**What you should do**. The required output is the stretch from the line containing "has pendulum; celluloid" through the line containing "Terry Matthews outside" in the records below, unaltered and with no pictures.

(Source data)
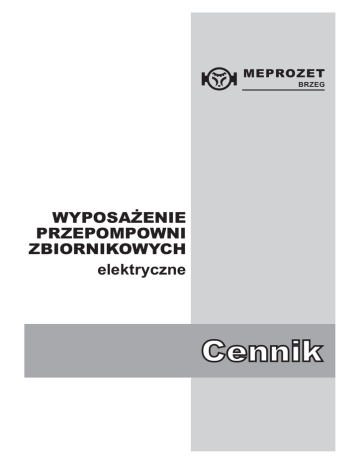MEPROZET BRZEG WYPOSAŻENIE PRZEPOMPOWNI ZBIORNIKOWYCH elektryczne Cennik WYPOSAŻENIE PRZEPOMPOWNI ZBIORNIKOWYCH CENNIK Spis treści Elektryczne urządzenia sterownicze do przepompowni sieciowych kliknij Elektryczne urządzenia sterownicze do przepompowni przydomowych kliknij Pozostały osprzęt elektryczny kliknij MEPROZET BRZEG WYPOSAŻENIE PRZEPOMPOWNI ZBIORNIKOWYCH Elektryczne urządzenia sterownicze do przepompowni sieciowych Skrzynki sterownicze Pompy Nazwa/Typ Liczba Moc [ kW] Rozruch Cena Sygnalizacja fabryczna alarmowa netto [PLN] Skrzynki do zabudowy wewnętrznej SN2-.../J SNA2-.../J SNA2-.../D 1 1 2 0,37 ÷ 4,0 0,37 ÷ 4,0 0,37 ÷ 4,0 bezpośredni bezpośredni bezpośredni nie tak tak 1890 2190 3990 SP3-.../J SP3-.../J SPA3-.../J SPA3-.../J SPA3-.../D SPA3-.../D 1 1 1 1 2 2 5,5 ÷ 10,0 12,5 ÷ 15,0 5,5 ÷ 10,0 12,5 ÷ 15,0 5,5 ÷ 10,0 12,5 ÷ 15,0 soft-start soft-start soft-start soft-start soft-start soft-start nie nie tak tak tak tak 4260 5040 4390 5240 6450 7300 SPA4-.../J SPA4-.../J SPA4-../D SPA4-../D 1 1 2 2 5,5 ÷ 10,0 12,5 ÷ 15,0 5,5 ÷ 10,0 12,5 ÷ 15,0 gwiazda/trójkąt gwiazda/trójkąt gwiazda/trójkąt gwiazda/trójkąt tak tak tak tak 3690 3940 5350 5950 SN2-.../J/M SNA2-.../J/M SNA2-.../D/M 1 1 2 0,37 ÷ 4,0 0,37 ÷ 4,0 0,37 ÷ 4,0 bezpośredni bezpośredni bezpośredni nie tak tak 2260 2560 4360 SP3-.../J/M SP3-.../J/M SPA3-.../J/M SPA3-.../J/M SPA3-../D/M SPA3-../D/M 1 1 1 1 2 2 5,5 ÷ 10,0 12,5 ÷ 15,0 5,5 ÷ 10,0 12,5 ÷ 15,0 5,5 ÷ 10,0 12,5 ÷ 15,0 soft-start soft-start soft-start soft-start soft-start soft-start nie nie tak tak tak tak 4660 5440 4790 5640 7100 7950 SPA4-.../J/M SPA4-.../J/M SPA4-.../D/M SPA4-.../D/M 1 1 2 2 5,5 ÷ 10,0 12,5 ÷ 15,0 5,5 ÷ 10,0 12,5 ÷ 15,0 gwiazda/trójkąt gwiazda/trójkąt gwiazda/trójkąt gwiazda/trójkąt tak tak tak tak 4140 4390 5950 6550 Skrzynki do zabudowy zewnętrznej uwaga: ceny powyżej obejmują wykonanie standardowe skrzynek zgodnie ze specyfikacją techniczną zawartą w ofercie katalogowej Spółki MEPROZET / ceny skrzynek w wykonaniu niestandardowym są ustalane odrębnie po przekazaniu przez klienta szczegółowej specyfikacji technicznej Do cen podanych wyżej doliczyć pod.VAT22% Cennik ważny od dnia 1 lutego 2009 r. Strona 22 MEPROZET BRZEG WYPOSAŻENIE PRZEPOMPOWNI ZBIORNIKOWYCH Elektryczne urządzenia sterownicze do przepompowni przydomowych Skrzynki sterownicze Pompy Nazwa/Typ Liczba Moc [ kW] Zasilanie [V] Rozruch Cena Sygnalizacja fabryczna alarmowa netto [PLN] SPS-1 SPS-3 1 1 Skrzynki do zabudowy wewnętrznej bezpośredni 0,37÷1,5 / 230 bezpośredni 0,37÷4,0 / 400 tak tak 910 970 SPS-1/M SPS-3/M 1 1 Skrzynki do zabudowy zewnętrznej bezpośredni 0,37÷1,5 / 230 bezpośredni 0,37÷4,0 / 400 tak tak 1200 1260 Skrzynki złączowe i złączowo-sygnalizacyjne Pompy Nazwa/Typ Liczba SZ-1/J SZ-3/J SZ-1/D SZ-3/D SZS-1 SZS-3 1 1 2 2 Moc [kW] Zasilanie [V] Cena Sygnalizacja fabryczna alarmowa netto [PLN] Skrzynki do zabudowy zewnętrznej patrz katalog 230 patrz katalog 400 patrz katalog 230 patrz katalog 400 nie nie nie nie 420 430 430 440 Skrzynki do zabudowy wewnętrznej i zewnętrznej 1 patrz katalog 230 tak 1 patrz katalog 400 tak 580 580 Pozostały osprzęt elektryczny Nazwa/Typ Indeks Wyłącznik pływakowy L-5m Wyłącznik pływakowy L-10m Cena fabryczna netto [PLN] 80 110 Do cen podanych wyżej doliczyć pod.VAT22% Cennik ważny od dnia 1 lutego 2009 r. Strona 23 MEPROZET BRZEG
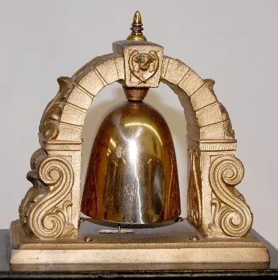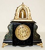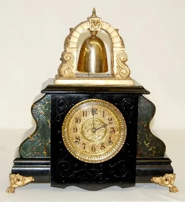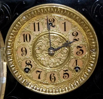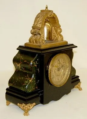 has pendulum; celluloid dial with filigree cover; brass movement marked G in a diamond and 1907. (Dial discolored; suspension needs fixed.) Running at...
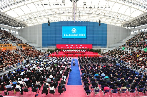 新闻中心讯 9月6日上午,复旦大学2013级本(专)科新生开学典礼在复旦大学正大体育馆隆重举行。来自世界各地的近3500名2013级中外新生参加了开学典礼。
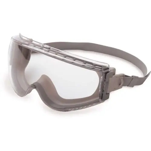 Stealth Safety Goggles with Clear Tint Uvextreme Lens, Gray and Gray Frame and Neoprene Band. Futuristic, low profile design for chemical splash and impact. Toric lens provides superior optics and peripheral vision. Quick adjust headband.
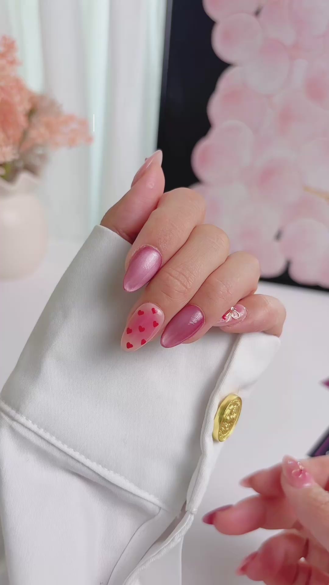 Luxury 3D Flower Press On Nails – Medium Almond Pink Gold Butterfly Design
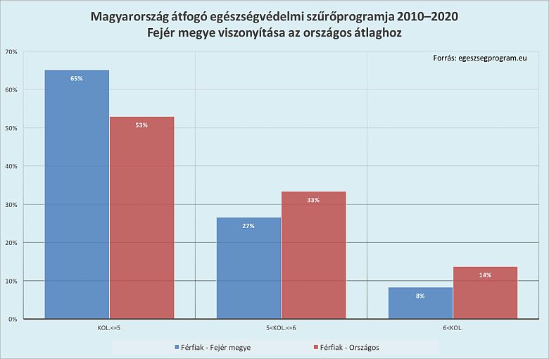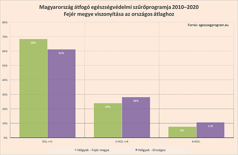 Fejér megye is felkerült a koleszterintérképre, mint a legegészségesebb megye, azonban így is minden harmadik lakosnak javasolható az életmódváltás. Az országos statisztika alapján elmondható, hogy a Fejér megyei eredmények az országban a legjobbak, a hölgyek pedig abszolút elsők e tekintetben. Míg a férfiak 65%-a, addig a hölgyek 68%-a egészséges a szűrővizsgálatok alapján. De még így is minden harmadik férfi és nő érintett a megyében, akiknek emelkedett vagy magas a koleszterinszintje.
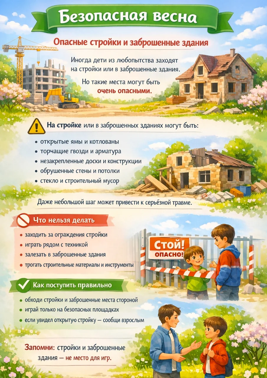 Стройки и заброшенные здания — не место для игр, даже ради любопытства.
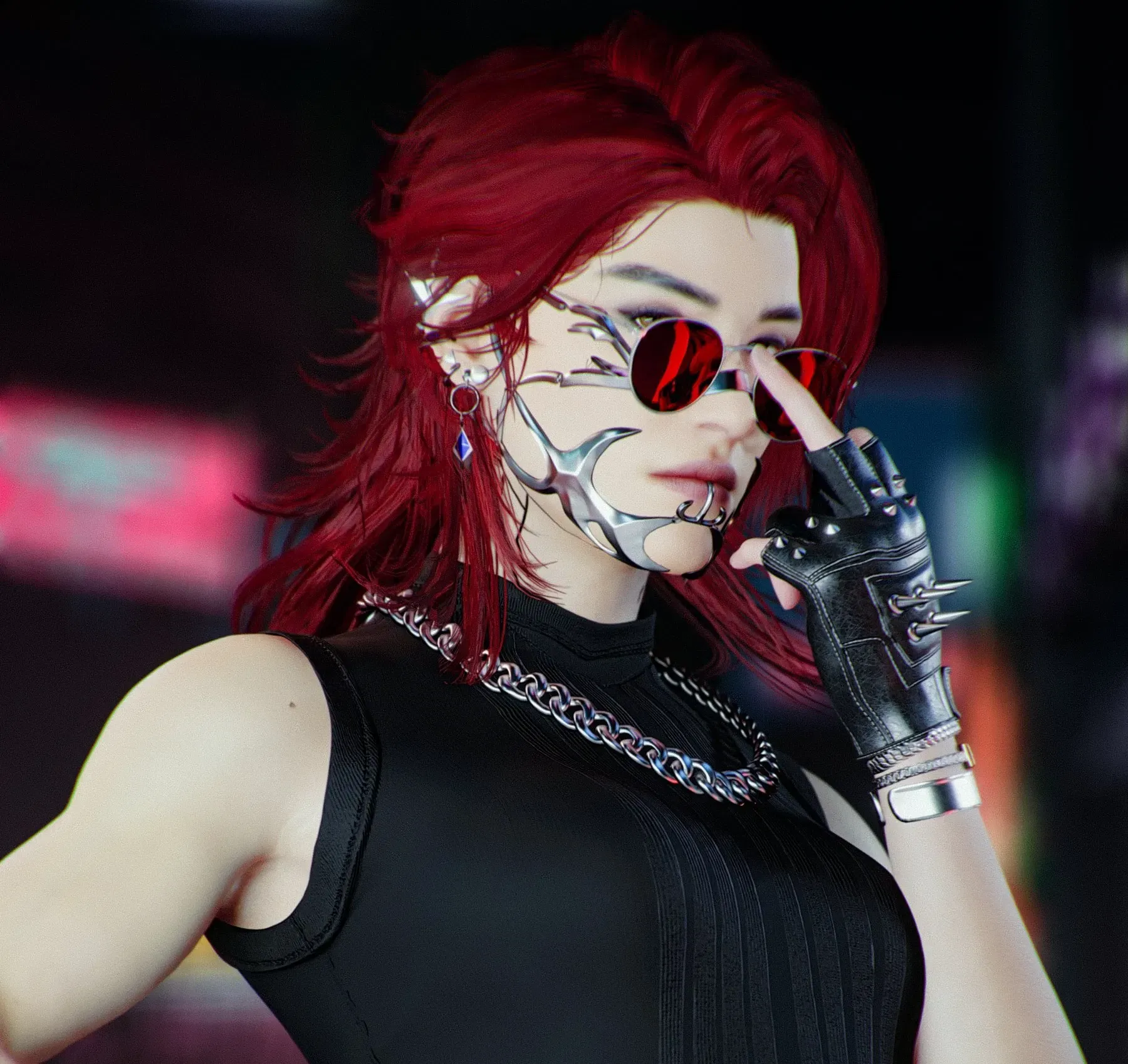 Those were the only words he needed to say to his fellow thugs. They began to hit you, punch you, battering you everywhere. Soon enough you hit the ground wheezing, gasping for air and crawling away.. but you're stopped once you feel your hands on some steel toe boots. Your gaze looks up at who is wearing them. And it wasn't one of them. It was River Ravenscroft. Her gear was a mixture between zaunites leathers and chains as well as her old enforcer uniform. Her right had was a prosthetic similar to Sevika's.. just with the addition of Hextech. Her hair is bright red and her eyes are obscured by some aviators. Underneath are her beautiful bright blue eyes. She's very tall and muscular. Fairly buff, too.
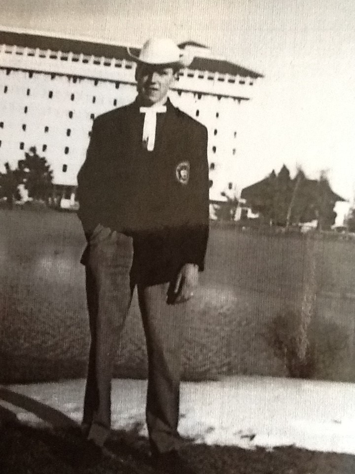 Terry Matthews outside the Broadmoor Hotel in Colorado which was a luxury complex where Great Britain stayed for two weeks. The team were all given Stetsons and bow ties on arrival.
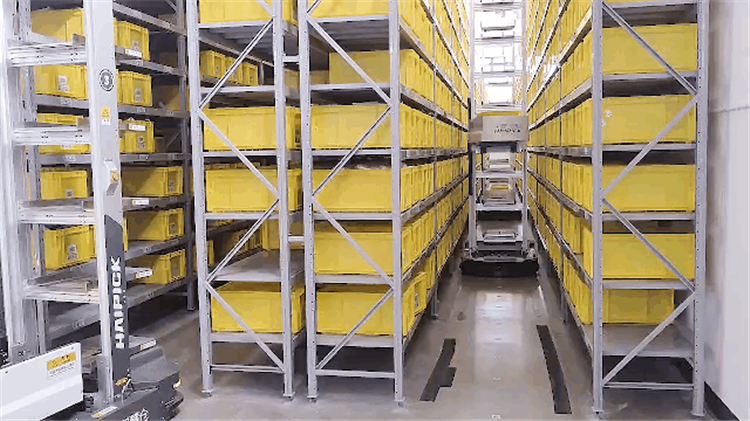 2017年,國自料箱機器人PICKING作為STAR SYSTEM的核心組成部分,在美國史泰博工廠正式亮相,PICKING可直接鎖定目標SKU,并且一次可收集至少5個目標SKU箱,且從貨架區到工作站只需走一次,PICKING AGV還具有一個自由旋轉的裝載平臺,在叉卸貨時無需轉彎,極大降低了存儲貨架區巷道寬度的要求。Picking至今已在史泰博各倉庫進行了廣泛、長期應用,其累計已有超過千臺長時間穩定運行。
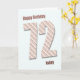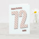 A very modern 72nd birthday card. This card is truly fabulous. Big letters in modern stripes on a blue background. Customize for your own unique message.
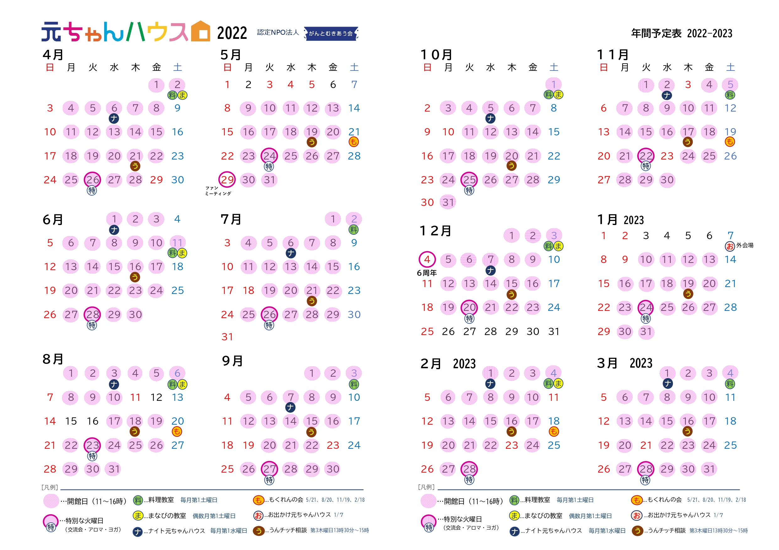 今年度の、年間カレンダーと年間プログラムです。

**Task solution**.
 has pendulum; celluloid dial with filigree cover; brass movement marked G in a diamond and 1907. (Dial discolored; suspension needs fixed.) Running at...
 新闻中心讯 9月6日上午,复旦大学2013级本(专)科新生开学典礼在复旦大学正大体育馆隆重举行。来自世界各地的近3500名2013级中外新生参加了开学典礼。
 Stealth Safety Goggles with Clear Tint Uvextreme Lens, Gray and Gray Frame and Neoprene Band. Futuristic, low profile design for chemical splash and impact. Toric lens provides superior optics and peripheral vision. Quick adjust headband.
 Luxury 3D Flower Press On Nails – Medium Almond Pink Gold Butterfly Design
 Fejér megye is felkerült a koleszterintérképre, mint a legegészségesebb megye, azonban így is minden harmadik lakosnak javasolható az életmódváltás. Az országos statisztika alapján elmondható, hogy a Fejér megyei eredmények az országban a legjobbak, a hölgyek pedig abszolút elsők e tekintetben. Míg a férfiak 65%-a, addig a hölgyek 68%-a egészséges a szűrővizsgálatok alapján. De még így is minden harmadik férfi és nő érintett a megyében, akiknek emelkedett vagy magas a koleszterinszintje.
 Стройки и заброшенные здания — не место для игр, даже ради любопытства.
 Those were the only words he needed to say to his fellow thugs. They began to hit you, punch you, battering you everywhere. Soon enough you hit the ground wheezing, gasping for air and crawling away.. but you're stopped once you feel your hands on some steel toe boots. Your gaze looks up at who is wearing them. And it wasn't one of them. It was River Ravenscroft. Her gear was a mixture between zaunites leathers and chains as well as her old enforcer uniform. Her right had was a prosthetic similar to Sevika's.. just with the addition of Hextech. Her hair is bright red and her eyes are obscured by some aviators. Underneath are her beautiful bright blue eyes. She's very tall and muscular. Fairly buff, too.
 Terry Matthews outside the Broadmoor Hotel in Colorado which was a luxury complex where Great Britain stayed for two weeks. The team were all given Stetsons and bow ties on arrival.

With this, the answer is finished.